Hardware processor(s) 102 of computing device 104 may be implemented, for example, as a central processing unit(s) (CPU), a graphics processing unit(s) (GPU), field programmable gate array(s) (FPGA), digital signal processor(s) (DSP), and application specific integrated circuit(s) (ASIC). Processor(s) 102 may include a single processor, or multiple processors (homogenous or heterogeneous) arranged for parallel processing, as clusters and/or as one or more multi core processing devices.

Memory 106 stores code instructions executable by hardware processor(s) 102, for example, a random access memory (RAM), read-only memory (ROM), and/or a storage device, for example, non-volatile memory, magnetic media, semiconductor memory devices, hard drive, removable storage, and optical media (e.g., DVD, CD-ROM). Memory 106 stores code 106A that implements one or more features and/or acts of the method described with reference to FIGS. 2-5 when executed by hardware processor(s) 102.

Computing device 104 may include a data storage device 122 for storing data, for example, the CSAM machine learning model(s) 122A, training dataset(s) 122B for training ML model(s) 122A, and/or datasets storing records of unique identifiers (e.g., hash) computed for previously evaluated images (e.g., enabling fast look-up of new images to determine if the same images has been previously determined to be CSAM and/or non-CSAM). CSAM ML model 122A includes age component 122A-1, sexuality component 122A-2, and/or combination component 122A-3, as described herein. Data storage device 114 may be implemented as, for example, a memory, a local hard-drive, virtual storage, a removable storage unit, an optical disk, a storage device, and/or as a remote server and/or computing cloud (e.g., accessed using a network connection).

Exemplary architectures of the machine learning models described herein include, for example, statistical classifiers and/or other statistical models, neural networks of various architectures (e.g., convolutional, fully connected, deep, encoder-decoder, recurrent, graph), support vector machines (SVM), logistic regression, k-nearest neighbor, decision trees, boosting, random forest, a regressor, and/or any other commercial or open source package allowing regression, classification, dimensional reduction, supervised, unsupervised, semi-supervised and/or reinforcement learning.

Network 110 may be implemented as, for example, the internet, a local area network, a virtual network, a wireless network, a cellular network, a local bus, a point to point link (e.g., wired), and/or combinations of the aforementioned.

Computing device 104 may include a network interface 124 for connecting to network 110, for example, one or more of, a network interface card, a wireless interface to connect to a wireless network, a physical interface for connecting to a cable for network connectivity, a virtual interface implemented in software, network communication software providing higher layers of network connectivity, and/or other implementations.

Computing device 104 and/or client terminal(s) 108 include and/or are in communication with one or more physical user interfaces 126 that include a mechanism for a user to enter data (e.g., manually designate the location of image 150 for analysis of CSAM) and/or view the displayed results (e.g., indication of detected CSAM and/or category of CSAM), within a GUI. Exemplary user interfaces 126 include, for example, one or more of, a touchscreen, a display, gesture activation devices, a keyboard, a mouse, and voice activated software using speakers and microphone.

Referring now back to FIG. 2, at 200, multiple images are accessed.

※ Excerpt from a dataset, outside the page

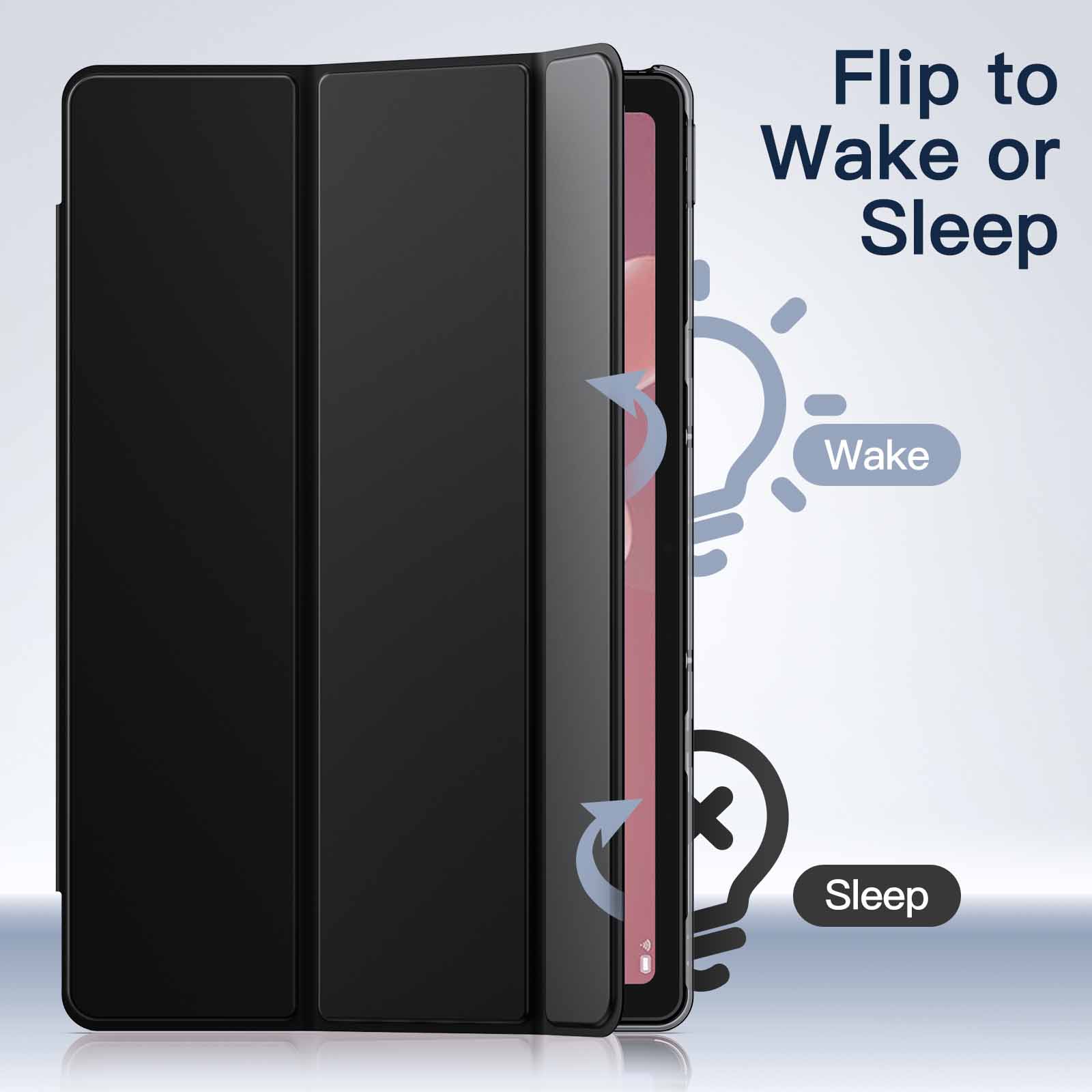 [Auto Wake/Sleep] Automatically wake up your tablet or put it into a sleep mode when the front cover is opened or closed. Moreover, it will not open by itself thanks to the strong magnet

Image files may include single images, or a sequence of images arranged as an animation.

As discussed herein, sexual images of children under the legal age are illegal to possess, distribute, and/or generate. As such, traditional approaches of taking such images and labelling them with a tag indicating CSAM cannot be used, since such CSAM images cannot be legally obtained and/or cannot be legally used to train a traditional ML model.

Two types of images are available. A first type of images is “clean”, and excludes any sexual imagery, such as nudity and/or sexual acts. Such “clean” first images may depict underage children. A second type of image is “non-clean”, and depicts sexual imagery, such as nudity and/or sexual acts. Such sexual second images exclude underage children, and only include adults over a legal age.

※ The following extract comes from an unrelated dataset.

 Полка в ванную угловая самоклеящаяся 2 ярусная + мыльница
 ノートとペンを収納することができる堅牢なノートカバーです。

Examples of formats of images include GIF, and Webp.

At 202, metadata may be extracted from the images. Metadata may indicate specific properties of the image. Metadata may increase accuracy of the ML model components, by being included in the training dataset and/or fed into the ML model components during inference. Examples of metadata include amount of lighting (e.g., dark, light), amateur or professional, time of day (e.g., night or day), background identification (e.g., indoors, outdoors), and location identification (e.g., electrical, wording, geolocation on video).

Features 204-210 relate to creating the age component (i.e., age ML model) of the CSAM ML model, features 212-216 relate to creating the sexuality component (i.e., sexuality ML model) of the CSAM ML model, and features 218-230 relate to creating the combination component (i.e., combination ML model) of the CSAM ML model.

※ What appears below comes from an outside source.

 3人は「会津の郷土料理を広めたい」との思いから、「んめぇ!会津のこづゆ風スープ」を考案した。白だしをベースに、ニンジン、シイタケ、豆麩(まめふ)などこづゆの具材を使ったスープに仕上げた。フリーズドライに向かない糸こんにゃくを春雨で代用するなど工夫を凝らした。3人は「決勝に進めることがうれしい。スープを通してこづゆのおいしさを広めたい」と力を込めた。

At 204, segmentations of faces depicted in the first “clean” images of individuals of different ages, including under the legal age, are extracted. The individuals may be in different poses, performing different actions and/or facing in different directions. For example, individuals may be looking up, down, and/or to a side, and not necessarily but may be facing forwards. Faces that are identified may be extracted.

There may be multiple faces simultaneously depicted in a same image. The multiple different faces may be segmented and removed.

Segmentation may be performed, for example, by a face segmentation ML model (e.g., neural network) trained to identify and segment faces, for example, trained on a training dataset of images labelled with ground truth segmentations (e.g., boundaries manually marked by users). Other segmentation approaches may be used.

Segmentation may be performed to obtain a single face per segmentation. Segmentation may include, for example, dividing the image into sub-portions, where a respective single face is depicted per sub portion.

Alternatively, faces are not segmented, but rather the image as a whole is used, such as when a single face is depicted per image.

At 206, a ground truth label is created for the respective segmented face. The label indicates at least whether the respective segmented face is of an individual below a legal age. In an example, the label include a binary classification indicating whether the face is of an individual below the legal age or not. In another example, the label includes an age category selected from multiple age categories, which include one or more categories under legal age, for example, Baby, Child, Teen, Older Teen, and Adult. In yet another example, first a label indicates whether the face is of a person below the legal age, or above the legal age. For people below the legal age, a classification of teen, child, or baby (e.g., using configurable age ranges and/or manually set) may be used. In yet another example, the label indicates an actual numerical age of the individual whose face is depicted, for example, 5, 10, 12, 16, 18, 20, and 30.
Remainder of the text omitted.